Книга Павел II. Книга 1. Пронеси, Господи!, страница 43. Автор книги Евгений Витковский

Разделитель для чтения книг в онлайн библиотеке

Онлайн книга «Павел II. Книга 1. Пронеси, Господи!»

Cтраница 43

— Аксентовича, — тихо сказал генерал, — и немедленно.

Референт щелкнул каблуками, явное свидетельство того, что он, как и полагалось, внимательно следил за разговором с Кремоной. Форбсу это понравилось, недоброй памяти негр так не делал. Через несколько минут генерал расслабился, мысленно созерцая какой-то из любимых сунских свитков дверь кабинета отъехала вбок, дверной проем неясным образом раздвинулся, и сквозь него вплыла огромная бутылка на тележке, которую без видимых усилий толкал ирландец. В бутылке сидел опрятно одетый, при галстуке, хотя и скинувший обувь с ног, человек лет под шестьдесят, с горящими глазами, похожий сразу и на великого корсиканца, и на героя какой-то русской книги, которую Форбс видел однажды, такого старинного украинца с отвислыми усами. Форбс сдержанно поздоровался, а потом с места в карьер напал:

— Не советую приглашать польских свидетелей, как, слышно мне, вы решили. Разговор не тот. Уверяю вас, что ваши поляки вам не помогут.

Аксентович покачал головой, и крупная слеза поползла из его правого глаза, утонула в отвислой щетине уса, дотекла в нем до конца и повисла на волоске.

— Курить охота, — сказал он, — трубку бы. Люльку. Тогда поговорим. Генерал наклонился к селектору:

— Луиджи, дай ему сигарету.

Бутылку заволокло дымом: это Бустаманте переслал в нее уже раскуренный «Кент».

— Слишком слабые… Трубку дайте!

— Нету!.. Скажите, Аксентович, ведь вам уже шестьдесят, в конце концов, зачем вы… Постыдились бы… мм… вельможный пан, а?

— Эх, генерал, генерал, вам бы мой тридцатилетний — как бы выразиться? недобор, я бы, знаете, еще посмотрел…

— Словом, к делу: есть пять минут. Нужен трансформатор. Работать придется в России.

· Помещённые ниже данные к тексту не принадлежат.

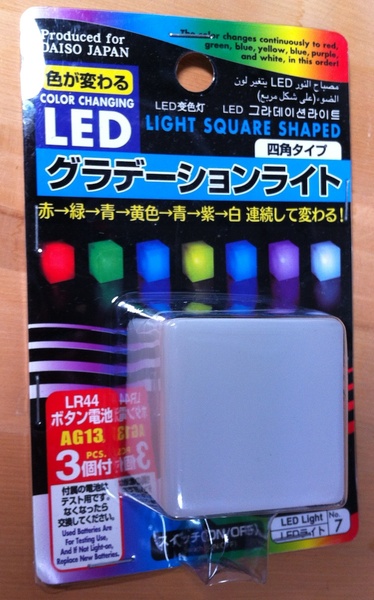 その快適さを、太陽が出ている時間だけでなく、星と月しか見えない夜にも味わいたくて、ビニールプール用「照明キット」を買って・作ってみました。部材を買いに行ったのは、もちろん100円ショップのダイソーで、総予算は百円玉ふたつでトータル200円ナリの照明キットです。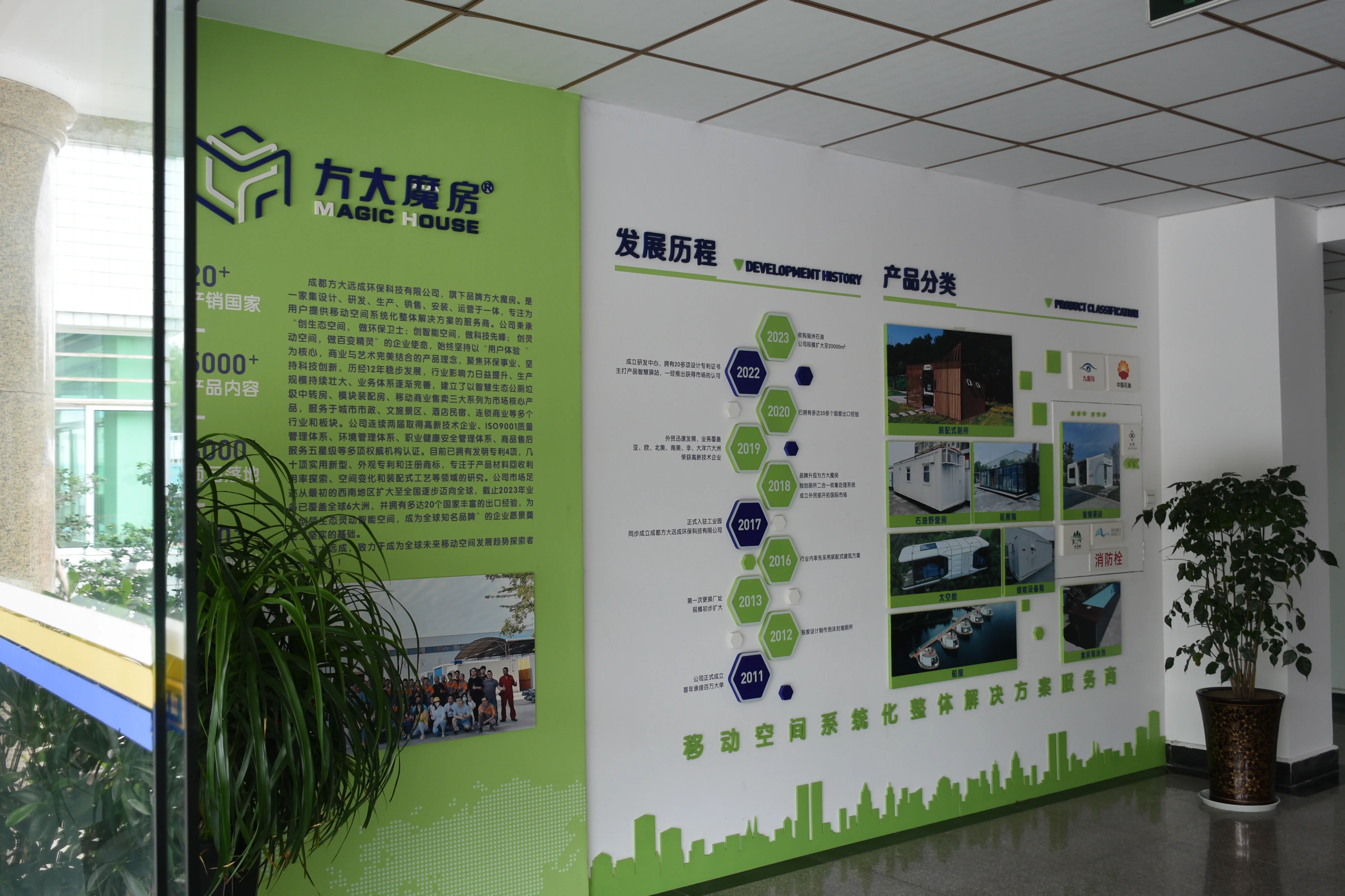 成都方大远成环保科技有限公司初创于2010年,其前身成都方大彩钢结构工程有限公司,是一家集设计、研发、生产、销售、安装、运营于一体,专注为用户提供移动空间系统化整体解决方案的服务商。2017年入驻青白江大成工业园后成立成都方大远成环保科技有限公司,并注册商标“方大魔房”,借助青白江国家级自贸区优势,于2018年成立外贸部,以“MAGIC HOUSE”为品牌正式进军国际市场,目前业务已覆盖全球6大洲,并拥有出口30多个国家的丰富外销经验,为实现“创领生态灵动智能空间,成为全球知名品牌”的企业愿景奠定了坚实的基础。2023年公司收购四川瑞洲石油科技开发有限公司,整体迁入金堂赵镇工业园区,正式拥有了自己的独立厂房,办公楼、宿舍楼、材料库房、生产车间、成品车间、···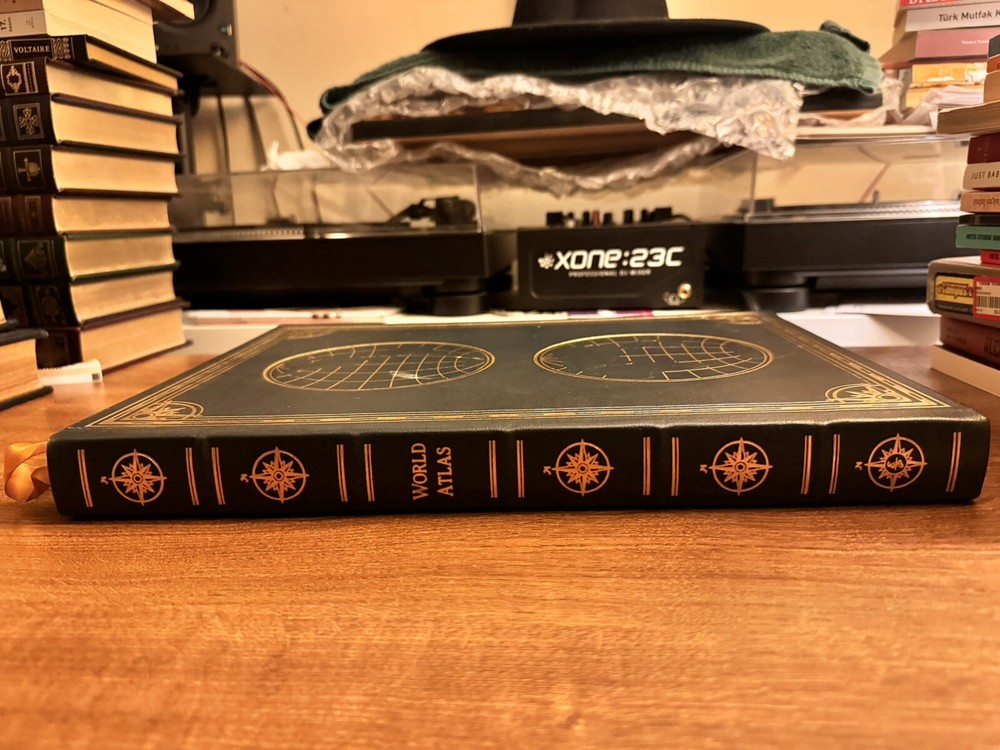 This stunning leather-bound Easton Press World Atlas is a treasure! The gilded edges and premium craftsmanship make it feel luxurious, while the detailed maps and pristine condition make it perfect for collectors or geography lovers. A timeless piece that looks amazing on any shelf—highly recommended for those who appreciate fine books!

Аксентович затянулся и отвел глаза.

— Не слышу ответа, — сказал Форбс.

— А что слышать-то, — отозвался почетный поляк, — откуда мне взять-то его? Вон, вампир есть, его используйте. Другие все занятые. Кто на задании, кто готовится к заданию. Так что и говорить не о чем. Хорошо вас кормят, генерал, хорошо вас кормят, вот что я вам скажу. Экий вы, генерал, смешной. Откуда ж я возьму вам оборотня? После Нового года, тогда, может быть, и смогу выделить. А сейчас… Трубки тем более не даете. Да нет. Видимо, не смогу весь будущий год.

— Будто неизвестно вам: что к январю вас здесь уже не будет.

— Н-да, а если все-таки буду? — сказал зав. трансформацией и сам, кажется, испугался — сидеть столько времени в бутылке не хотелось ему даже ради удовлетворения врожденного чувства противоречия. Но он понял уже, что Форбсу оборотень нужен позарез, а дать или не дать — зависит от него, от почетного поляка. В принципе он готов был и на компромисс, но на выгодный, только на выгодный. — Можем поторговаться, а?

— Я могу предложить вам отключить ассенизацию.

— Меня дерьмом не испугаешь, генерал, я его хлебнул во! Отчего вас удивляет, когда, скажем, хорошая вещь стоит действительно дорого? Кстати, я хотел бы перекусить. И трубку все же найдите. Негоже мне без трубки. У нас в Польше без трубки разговоров о делах не ведут.

— Кстати, о делах: глубокоуважаемый мистер Порфириос недавно побывал на родине, заехал в Болгарию, выявил двух прекрасных оборотней и вам предстоит принять их в ваш сектор. Близнецы, оба дипломаты, оба уже завербованы… Словом, примете сотрудников. Контракт подписан президентом.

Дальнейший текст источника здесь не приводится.